Ce texte nous aide à voir comment on peut voir ou toucher Dieu, selon le Sermon 117, mais sans le comprendre. Un comprehendere de Dieu équivaudrait à une vision (comme chez les Grecs, la raison est généralement comprise comme une faculté de vision chez Augustin49) telle que rien de Dieu n’échapperait à l’attention de celui qui le voit ou lorsque ses limites (fines) peuvent être définies. Il est évident que personne ne peut soutenir cela à propos de Dieu. Cette notion de compréhension (comme comprehendere), du moins telle qu’elle est présentée dans la Lettre 147, dans un passage que Thomas citera d’ailleurs dans sa Somme théologique50, évoque dans le latin d’Augustin une maîtrise parfaite de quelque chose, comme celle qui pouvait être tentée par les philosophes dont Augustin aime dénoncer la superbe. Pour Augustin, et pas seulement pour lui, j’en suis sûr, nous ne pouvons pas saisir par la pensée la réalité pleine et entière de Dieu avec nos concepts, nous pouvons seulement le toucher, doucement, ou l’atteindre par un mouvement de notre esprit, un toucher qu’il peut néanmoins aussi appeler une cognitio et un moment d’intelligence (d’intellegere, qui est moins totalisant dans le latin d’Augustin que comprehendere).

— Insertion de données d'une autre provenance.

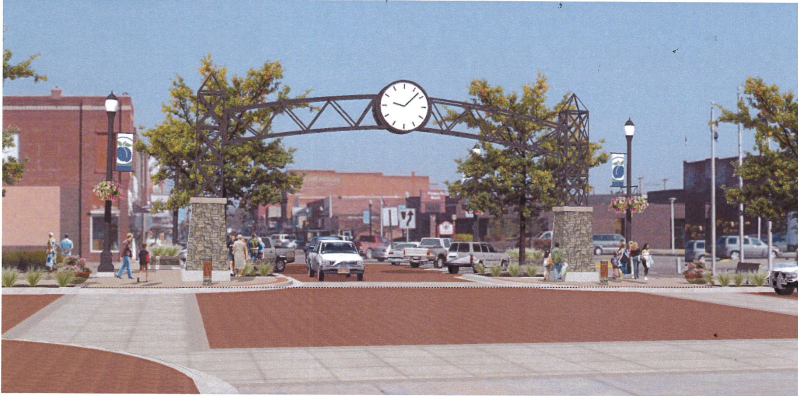
Figure 4.9: Gateway Entrance
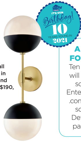
sconce Renee 22"-tall steel sconce in aged brass and black finish, $190, mitzi.com

A GIFT FOR YOU Ten readers will win this sconce. Enter at hgtv.com/mitzi-sconce . Details on page 107.
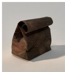
Double Life, Ghost #19, 2019

Viscosity monotype and soft ground etching Hand cut and folded on Akatosashi
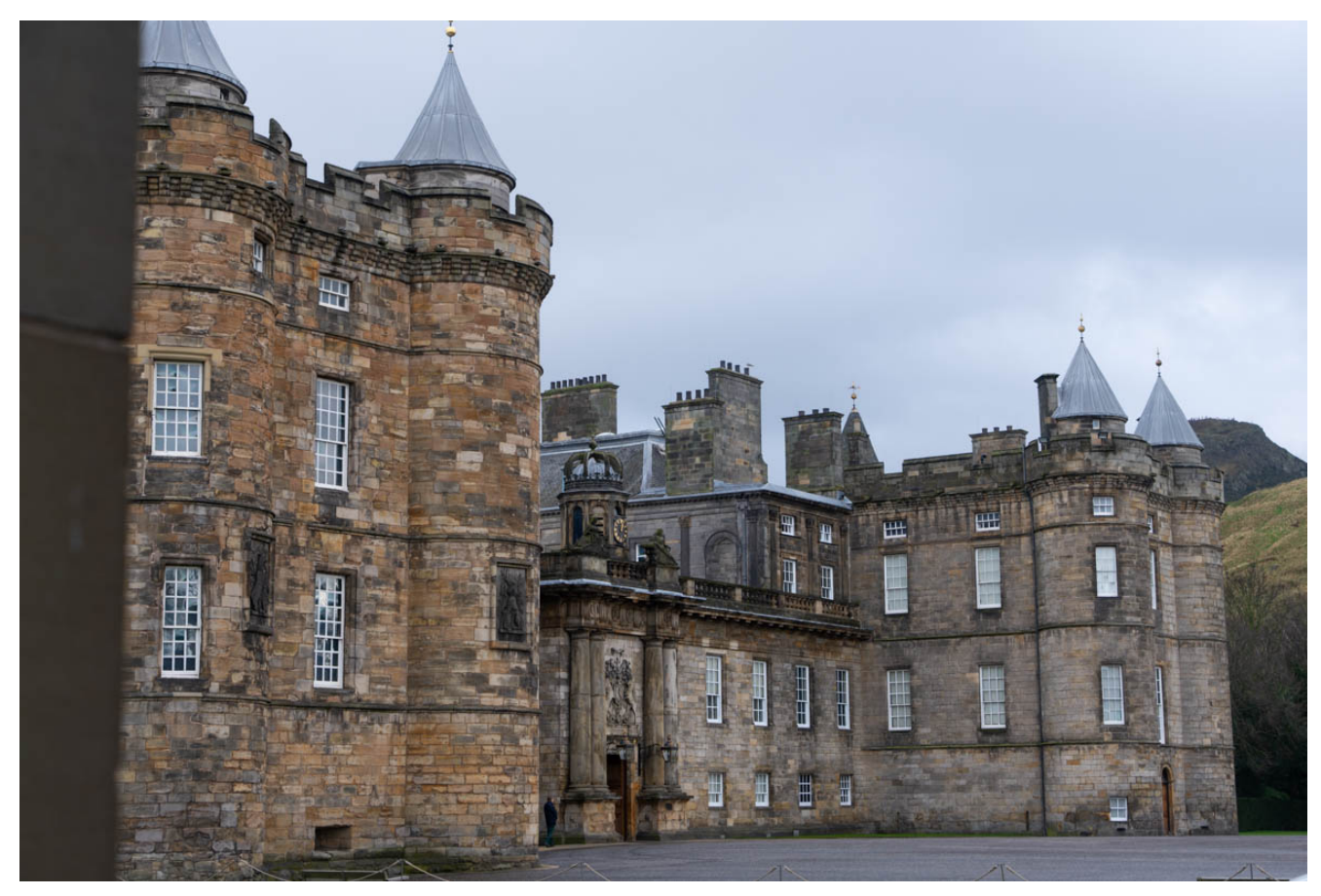
Palace of Holyroodhouse

5. Atteindre Dieu dans la compréhension d’aujourd’hui
En évoquant l’idée d’un toucher de Dieu, Augustin se tient dans la tradition (néo)platonicienne pour laquelle la tâche de la philosophie ou de la religion (il n’y a pas vraiment de différence entre les deux51, car l’Évangile chrétien n’est pour lui rien d’autre que la vraie philosophie, comme y insistent les premières lignes de son De vera religione52) est de nous unir à la réalité supérieure53.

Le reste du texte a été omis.